China's stock market fell but ended well off its lows as hopes for government support helped banks and property shares rebound from a sharp early slide. The Shanghai Composite Index, which had dropped as much as 4.64% in the morning, closed down 0.73% at 2,157.839 points. Singapore shares reversed early losses go gain about 2%.

Japan’s Nikkei was down 3.03% after The Bank of Japan kept interest rates unchanged at 0.5% on Tuesday, 7 October 2008, and maintained its assessment on the economy, which it said was sluggish.

Back home, the Sebi decision on lifting of restriction on P-notes comes at a time when foreign institutional investors (FIIs) have been pulling out their investments from India and other emerging markets to shore up resources to beat the global liquidity crunch. In India, FIIs sold shares worth a net Rs 8278.10 crore last month. The outflow has reached Rs 38037.30 crore in calendar year 2008 (till 3 October 2008).

Exactly a year ago, Securities & Exchange Board of India (Sebi) had announced stringent restrictions on P-notes, totally banning fresh issue of P-notes with Indian derivatives as underlying. It had also mandated unwinding of such positions within 18 months. Sebi had also restricted issuance of P-notes in the spot segment to 40% of assets under custody.
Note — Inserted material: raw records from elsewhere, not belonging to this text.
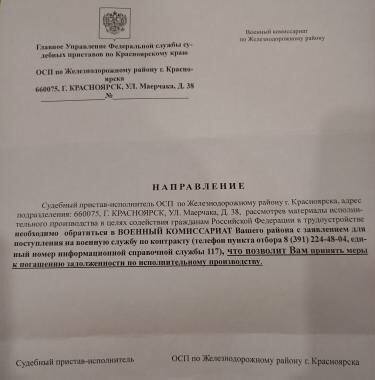 В службе судебных приставов заявили, что не присылали жительнице Красноярска направление в военкомат. В сообщении ГУФССП по Красноярскому краю говорится, что служба не имеет к этому отношения, а пришедший красноярке документ может быть делом рук коллекторов или банка-кредитора.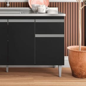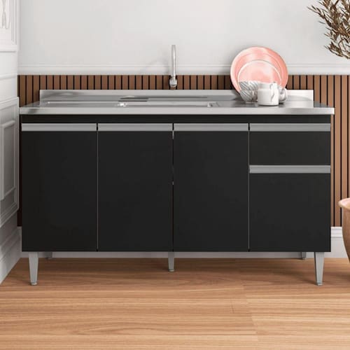 Balcão Gabinete De Pia Para Cozinha Sem Tampo 150cm Tatiane Preto- Mabe Magazine
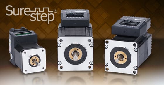 AutomationDirect (Cumming, GA) offers SureStep integrated drive/ motor units that provide accurate microstepping position and speed control for smooth motion and step response. They require only two components: power supply and integrated stepper motor/drive. Standard and advanced motor/drives are available. They feature torque from 54 to 340 oz-in and software-selectable resolutions ranging from 200 steps per revolution. The drives can operate with traditional high-speed inputs but can also be commanded via 0–5V analog input. An internal indexer can accomplish point-to-point moves controlled via ASCII communication. Free SureMotion Pro drive configuration software is available for advanced integrated motor/drives to configure and set up the drive, including drive, motion control mode, I/O, and motor. A Status Monitor screen aids in troubleshooting alarms and faults.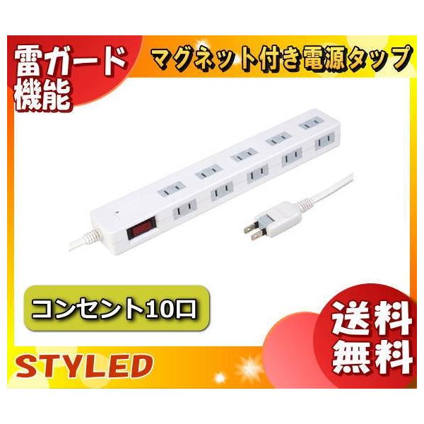 ★STYLED STP10W-2 マグネット付き電源タップ ホワイト STP10W2 「送料無料」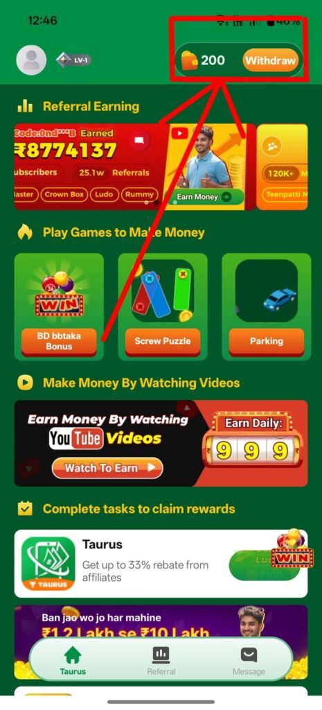 Taurus Game App में users को wallet में Rs. 200 bonus balance मिलता है, जिसे games खेलने और rewards claim करने के लिए use किया जा सकता है।
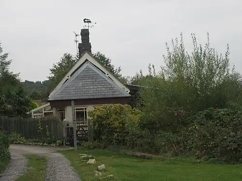 The station building was converted into a house by the artist Peter Blake and his then wife Jann Haworth, in the mid-1970s, during their Brotherhood of Ruralists period. The signalbox at the northern end of the down platform has also been converted for residential use. The station's canopy is still visible from nearby green space where the rail track ran south of the station. The house sports a weather vane with a steam engine finial.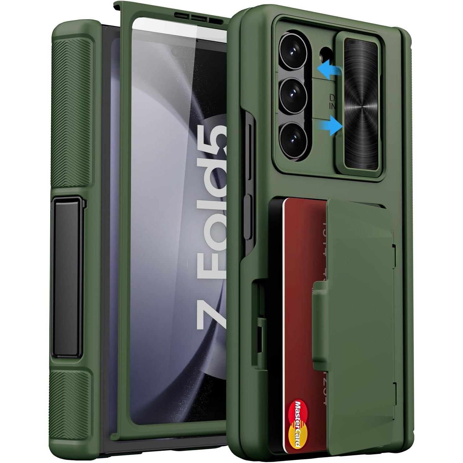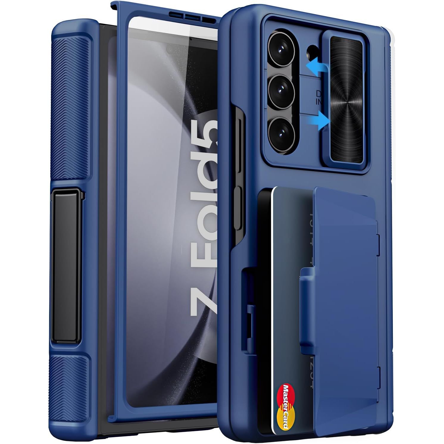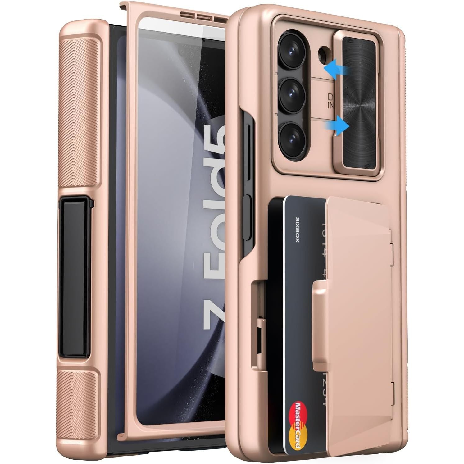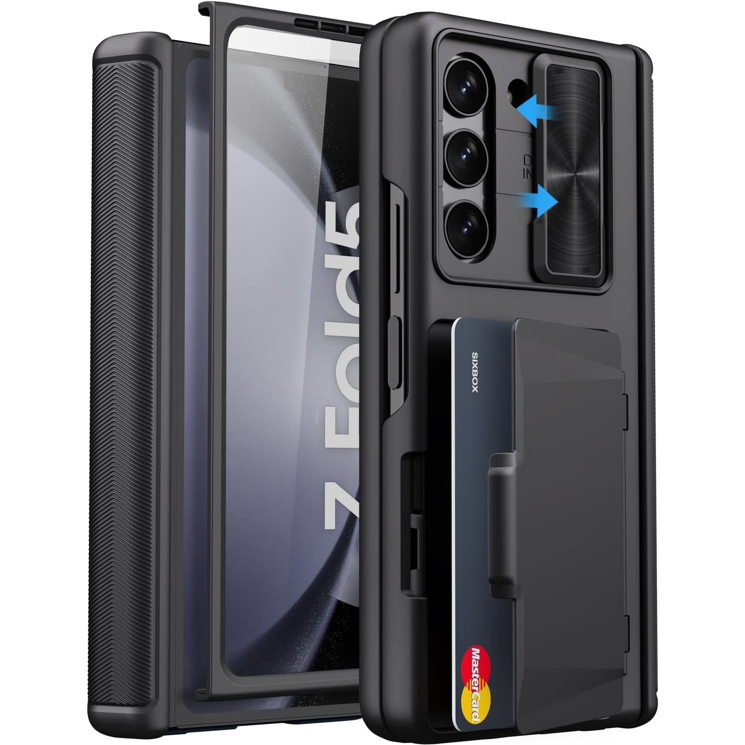 - for Samsung Galaxy Z Fold 5 Case with Card Holder & S Pen Holder & Slide Lens Cover, Built-in Hinge Protection & Screen Protector, Durable Sturdy Phone Cover Case for Galaxy Z Fold 5, Black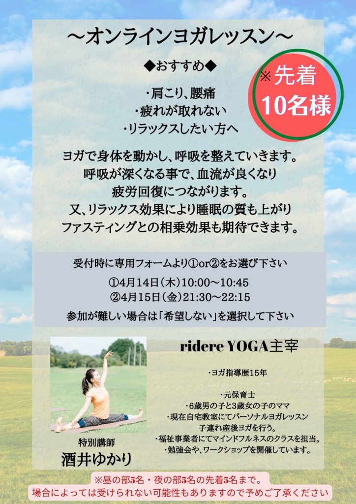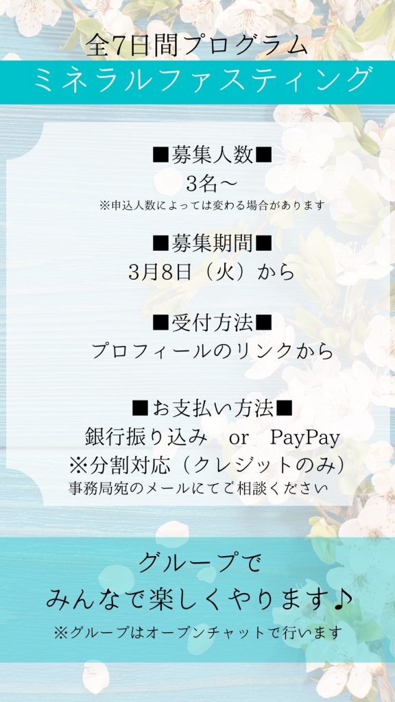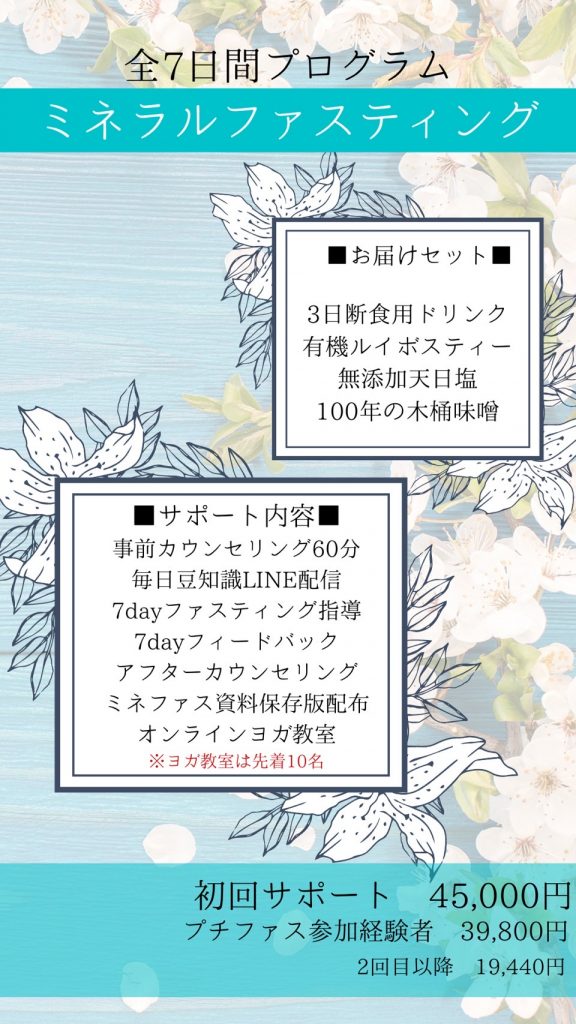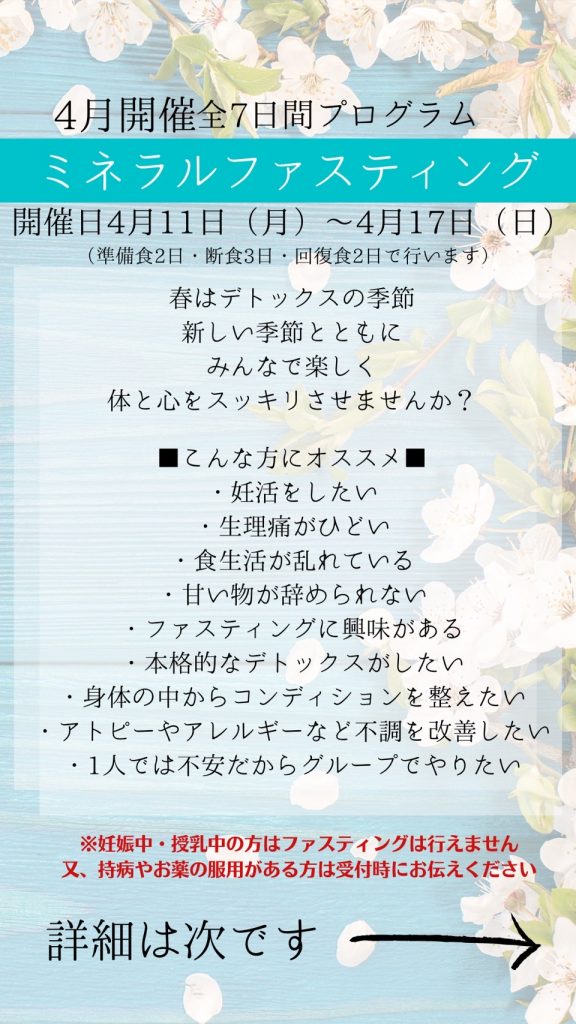 HOME > お知らせ > お知らせ 本格デトックスファスティング(2022年4月)開催のお知らせ 2022年3月10日 本格デトックスファスティング 募集受付期間 3月8日〜 開催期間 4月11日(月)〜4月17日(日) お申し込みはこちら 新月ファスティングについてこちらから Twitter Share Pocket Hatena LINE コピーする -お知らせ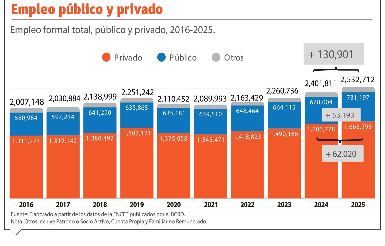 Según un informe de la Dirección de Inteligencia de Datos del Ministerio de la Presidencia, el 65.9% de los empleos formales en 2025 provienen del sector privado, lo que equivale a 1,668,798 puestos. Por otro lado, el sector público representa el 28.9%, con un total de 731,197 empleos. En comparación con el año anterior, el país generó 133,915 nuevos puestos de trabajo, manteniendo una tasa de desempleo del 5.0%.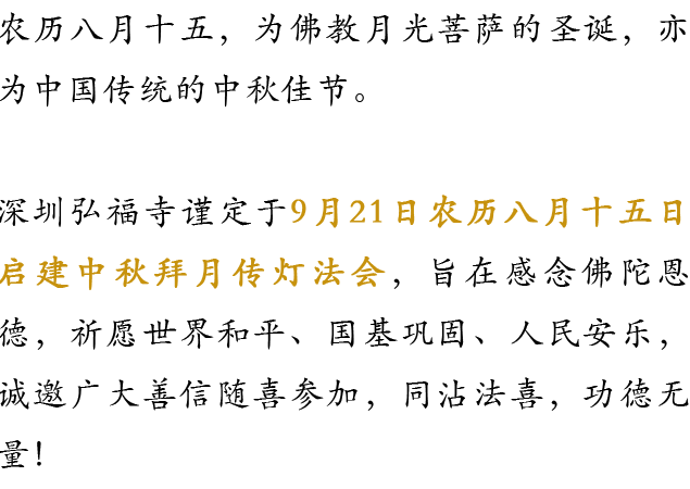 传灯 | 深圳弘福寺中秋拜月传灯法会 编辑:泷中 • 2021年9月16日 上午11:57 • 法讯 来源:深圳弘福寺 2021-09-16 法会时间 9月21日 (农历八月十五日) 法会安排 16:30—20:00 拜月传灯祈福法会 请长按上方二维码 在线登记 本网站属于非赢利性网站,转载的文章遵循原作者的版权声明,如有版权异议,请联系值班编辑予以删除。 联系方式:0591-83056739-818 18950442781 赞 (0) 编辑:泷中 0 0 生成海报 杭州云林公益基金会开展中秋慰问活动 上一篇 2021年9月15日 下午2:59 云台禅寺常住到放马场礼祖并看望住山法师 下一篇 2021年9月16日 下午12:01 相关推荐 法讯 盂兰盆丨山东大灵岩寺2021盂兰盆法会通启 000 编辑:泷中 2021年8月11日 法讯 华严丨大相国寺即将举行“辛丑年华严共修法会” 200 编辑:泷中 2021年7月19日 法讯 授三皈依丨二祖匡教寺启建农历六月十九传授三皈依法会通启 200 编辑:泷中 2021年6月20日 法讯 佛七 | 江苏无锡福慧寺「念佛生心」2021年法会通启 400 编辑:泷中 2021年7月4日 法讯 佛七丨山东菏泽三源寺2021年7月1—7三源寺庆党百年华诞佛七共修 300 编辑:泷中 2021年6月24日 法讯 法会丨普光寺农历六月十九观音菩萨成道纪念日祈福法会通启 400 编辑:泷中 2021年7月10日 法讯 禅修丨上海嘉定区响水灌河禅寺2021暑期三天居士学习班招募 200 编辑:泷中 2021年7月6日 法讯 法讯|辛丑年二祖寺盂兰盆法会通启 000 编辑:泷中 2021年8月19日 法讯 禅七 | 浙江杭州南山讲寺2021年8月地藏禅七活动 000 编辑:泷中 2021年7月28日 法讯 佛七丨四川达州渠县龙华寺2021年国庆精进念佛法会通启 000 编辑:泷中 2021年9月22日 发表回复 您的邮箱地址不会被公开。 必填项已用 * 标注*昵称: *邮箱: 网址: 记住昵称、邮箱和网址,下次评论免输入 提交

P-notes are issued by foreign institutional investors registered in India to unregistered overseas investors.

Meanwhile, with the end of third quarter of the calendar year 2008 on Tuesday, 30 September 2008, hedge fund are bracing for heavy redemption amid US financial sector crisis which has already spread to Europe. Investors in hedge funds are usually allowed to exit funds only on the final day of the financial quarter. Large-scale investor redemption in hedge funds may trigger further selling by foreign funds in India. Hedge funds mainly operate through the participatory notes route in India. However, there is no data available on the quantum of hedge funds’ investment in India.

The troubles that started with an overheated housing market in the US have infected financial markets around the world, making banks fearful of lending to other banks, let alone to businesses and consumers. That has led to worries that economies around the world might not only sputter but slide into reverse. Recently, governments across Europe rushed to prop up failing banks, while the governments of Germany, Ireland and Greece also said they would guarantee bank deposits.

Oil prices, down nearly 40% from their peak because of recession worries, climbed back to over $90 a barrel.

According to Finance Minister P Chidambaram Indian business and industry have placed India in a situation where the country can weather the global financial crisis. He counts robust revenues, exports and investment planned by Indian corporates as major positive factors which would help India through the global crisis.

The Finance Minister expects 8% GDP growth in the current financial year and 9% in financial year 2009-10.